### Exercise directions
Starting at the line that contains "The rug is then", reproduce only the lines through the end of the data, exactly, including both the first and the last; skip the pictures.

### Supplied data
------------------------------------
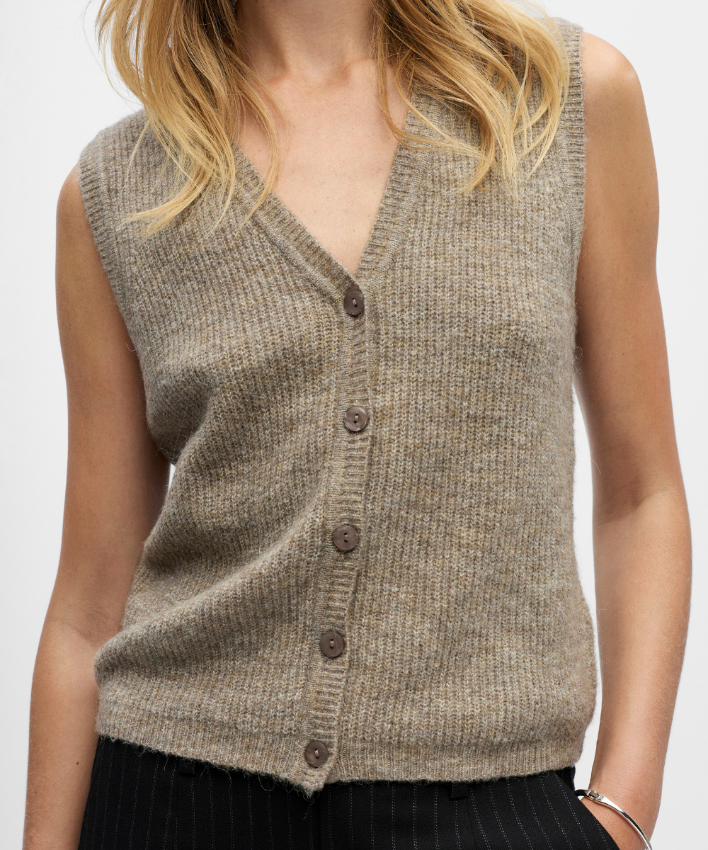 Diana V-Neck Knit Vest Morel/Melange fra Object
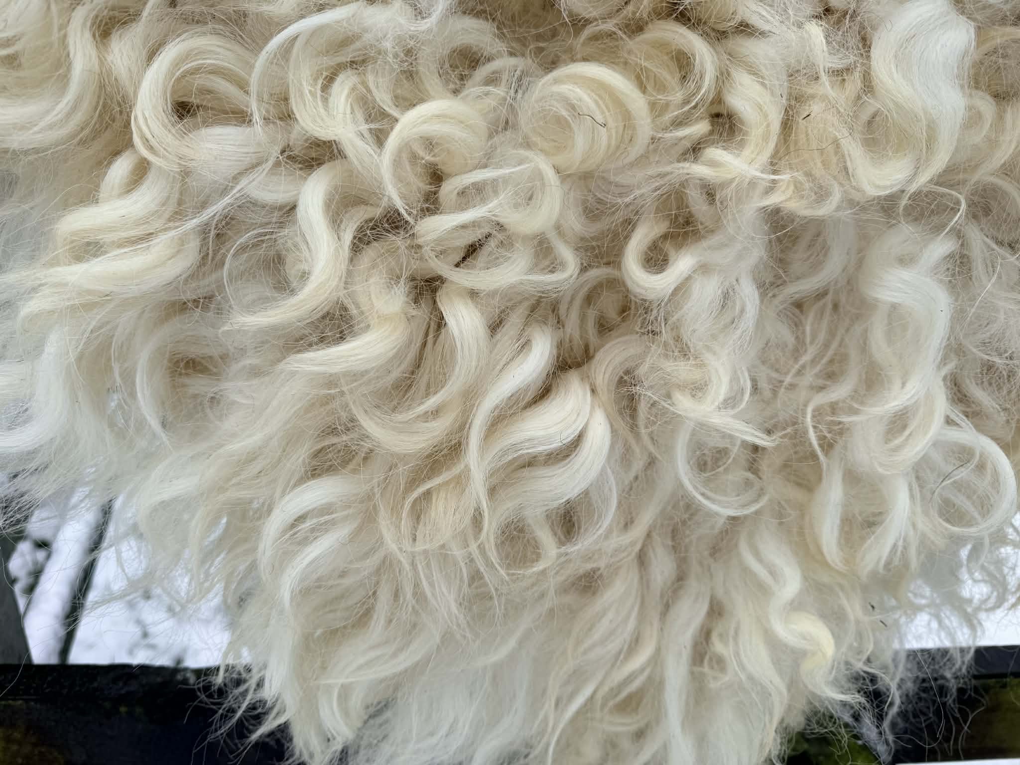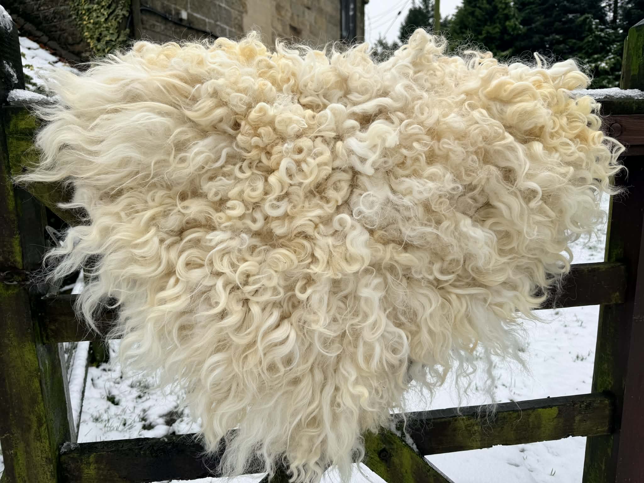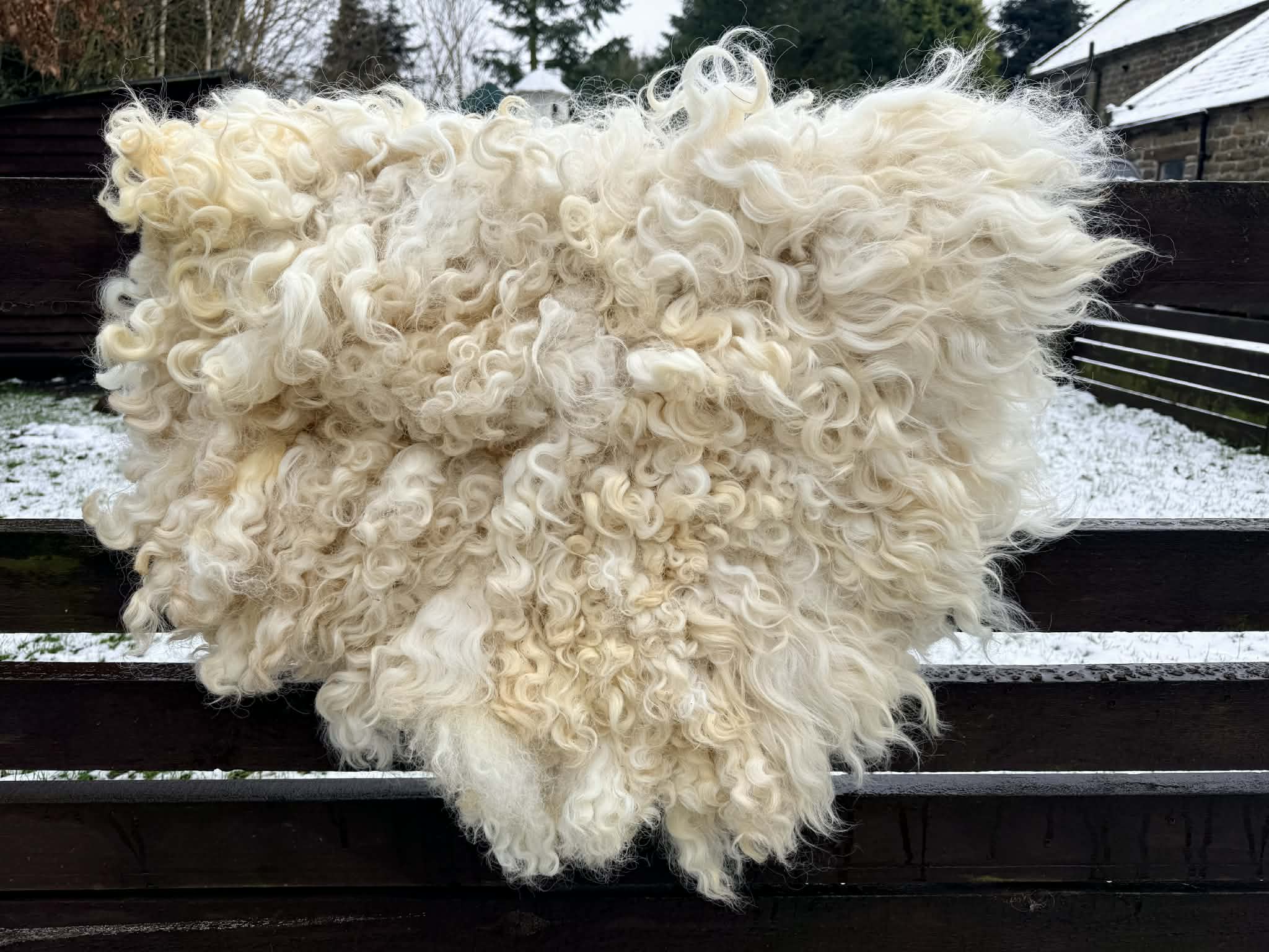 The rug is then skirted, removing as much hay etc as possible from it, along with any dirty fleece. Its prepared and then hand felted using online soap and water. The process is very labour intensive.
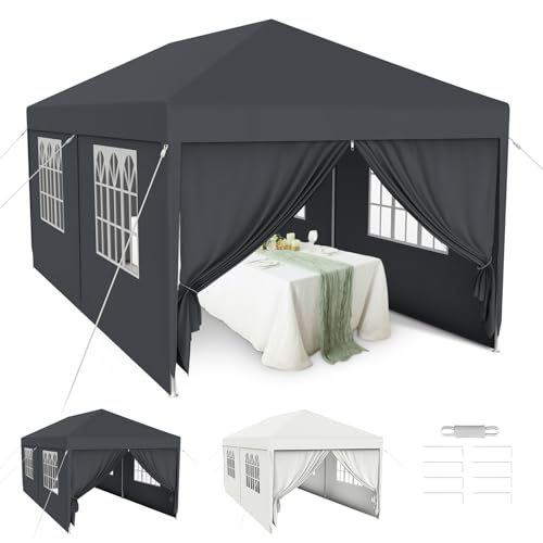 3x9MTonnelle de Jardin,Tente Réception,Gazebo,Pavillon、Tente de Jardin avec Fenêtres、Parois Latérales,Anti UV 50+,Imperméable,Résistant au Vent Auvent Barnum pour Festival Camping Plage,Anthracite
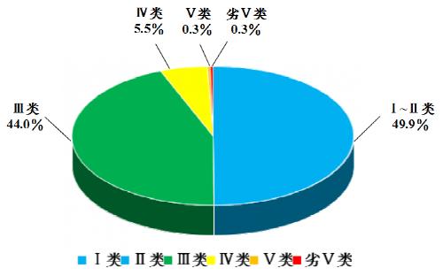 2022年1―3月,全省主要流域总体水质为优。监测的375个断面中,Ⅰ~Ⅲ类水质比例93.9%,其中Ⅰ~Ⅱ类水质比例49.9%。各类水质比例如下:Ⅰ类占2.4%,Ⅱ类占47.5%,Ⅲ类占44.0%,Ⅳ类占5.5%,Ⅴ类占0.3%,劣Ⅴ类占0.3%。小流域考核断面Ⅰ~Ⅲ类水质比例为88.1%。
------------------------------------
### Task answer
 The rug is then skirted, removing as much hay etc as possible from it, along with any dirty fleece. Its prepared and then hand felted using online soap and water. The process is very labour intensive.
 3x9MTonnelle de Jardin,Tente Réception,Gazebo,Pavillon、Tente de Jardin avec Fenêtres、Parois Latérales,Anti UV 50+,Imperméable,Résistant au Vent Auvent Barnum pour Festival Camping Plage,Anthracite
 2022年1―3月,全省主要流域总体水质为优。监测的375个断面中,Ⅰ~Ⅲ类水质比例93.9%,其中Ⅰ~Ⅱ类水质比例49.9%。各类水质比例如下:Ⅰ类占2.4%,Ⅱ类占47.5%,Ⅲ类占44.0%,Ⅳ类占5.5%,Ⅴ类占0.3%,劣Ⅴ类占0.3%。小流域考核断面Ⅰ~Ⅲ类水质比例为88.1%。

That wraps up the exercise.